Parameter Type (R) Type (Python) Default Description
seasonality character - "none" Seasonality type: "none", "simple", "partial", "full"
obs integer - 10 Number of observations
nsim integer - 1 Number of series to simulate
frequency integer - 1 Seasonal frequency (must be > 1 for seasonal models)
a complex - NULL First complex smoothing parameter. CES is sensitive to these values
b complex/numeric - NULL Second complex smoothing parameter. Real for "partial", complex for "full". NULL for "none"/"simple"
initial complex matrix - NULL Initial states. For "simple"/"partial"/"full", first two columns contain non-seasonal components
randomizer character - "rnorm" Random number generator function name
probability numeric - 1 Occurrence probability (can be vector)
... - - - Additional parameters passed to randomizer

Output

Element Description
model CES model type
a Complex parameter a (vector if nsim > 1)
b Complex parameter b (NULL for "none"/"simple", vector if nsim > 1)
initial Initial state values (array if nsim > 1)
profile The final profile produced in the simulation
data Simulated time series (vector or matrix)
states State matrix/array
residuals Generated errors (vector or matrix)
occurrence Occurrence variable values
logLik Log-likelihood of the constructed model

Examples

# Non-seasonal CES
sim <- sim.ces(frequency=12, obs=120)
plot(sim)

# Simple seasonal (solar-like patterns)
set.seed(41)
sim <- sim.ces("simple", frequency=24, obs=240)
plot(sim)

# Full seasonal
sim <- sim.ces("full", frequency=12, obs=240, nsim=10)
plot(sim)

sim.gum() - Generalised Univariate Model Simulation

Simulates data from GUM. Best practice is to simulate from a fitted model.

R Usage

# Generate complex multi-frequency data
set.seed(41)
sim <- sim.gum(orders=c(1,1,1), lags=c(1,48,336), nsim=1,
               frequency=336, obs=3360,
               measurement=rep(1,3), transition=diag(3),
               persistence=c(0.045, 0.162, 0.375),
               initial=initialMatrix)  # Provide initial values

Parameters

Parameter Type (R) Type (Python) Default Description
orders numeric vector - c(1) Orders for each lag (number of states per lag type)
lags numeric vector - c(1) Lags for components.

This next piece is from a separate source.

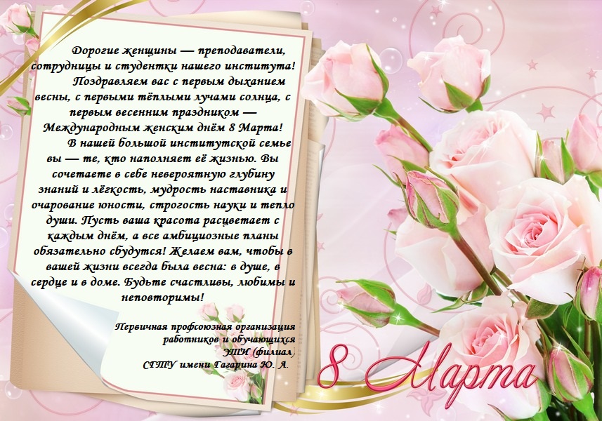 ПОЗДРАВЛЕНИЕ ПРОФСОЮЗА С МЕЖДУНАРОДНЫМ ЖЕНСКИМ ДНЁМ

Length must match orders
obs integer - 10 Number of observations
nsim integer - 1 Number of series to simulate
frequency integer - 1 Time series frequency
measurement numeric vector - NULL Measurement vector w. If NULL, randomly generated (0-1)
transition matrix/vector - NULL Transition matrix F. If vector, formed as matrix(transition, nc, nc)
persistence numeric vector - NULL Persistence vector g (smoothing parameters). If NULL, randomly generated
initial matrix - NULL Initial states. If NULL, generated from uniform distribution
randomizer character - "rnorm" Random number generator function name
probability numeric - 1 Occurrence probability (can be vector)
... - - - Additional parameters passed to randomizer

Output

Element Description
model GUM model name
measurement Measurement matrix w
transition Transition matrix F
persistence Persistence vector (smoothing parameters)
initial Initial state values (array if nsim > 1)
profile The final profile produced in the simulation
data Simulated time series (vector or matrix)
states State array
residuals Generated errors (vector or matrix)
occurrence Occurrence variable values
logLik Log-likelihood of the constructed model

Examples

# GUM(1[1]) - simple model
sim <- sim.gum(orders=c(1), lags=c(1), obs=120, nsim=100)
plot(sim)

# GUM(1[1],1[4]) - seasonal model
sim <- sim.gum(orders=c(1,1), lags=c(1,4), frequency=4, obs=80,
               nsim=100, transition=c(1, 0, 0.9, 0.9))
plot(sim)

sim.sma() - Simple Moving Average Simulation

Simulates data from SMA models.

R Usage

# SMA(10)
sim <- sim.sma(order=10, obs=240, frequency=12)
plot(sim)

Parameters

Parameter Type (R) Type (Python) Default Description
order integer - NULL SMA order. If NULL, random order from 1 to 100 is selected
obs integer - 10 Number of observations
nsim integer - 1 Number of series to simulate
frequency integer - 1 Time series frequency
initial numeric vector - NULL Initial state values. If NULL, generated
randomizer character - "rnorm" Random number generator function name
probability numeric - 1 Occurrence probability (can be vector)
... - - - Additional parameters passed to randomizer

Output

Element Description
model SMA model name
data Simulated time series (vector or matrix)
states State matrix (or array if nsim > 1)
initial Initial values (vector or matrix)
probability Vector of probabilities used
intermittent Type of intermittent model used
residuals Generated errors (vector or matrix)
occurrence Occurrence variable values
logLik Log-likelihood of the constructed model

Examples

# SMA(10) with normal errors
sim <- sim.sma(order=10, obs=40, randomizer="rnorm", mean=0, sd=100)
plot(sim)

sim.oes() - Occurrence ETS Simulation

Simulates occurrence probabilities using ETS for intermittent demand modelling. The function calls for sim.es() and then does internal transformations of the simulated data to align with the occurrence models.

R Usage

# Simple occurrence model
sim <- sim.oes("MNN", frequency=12, obs=60, initial=1,
               randomizer="rlnorm", meanlog=0, sdlog=0.1)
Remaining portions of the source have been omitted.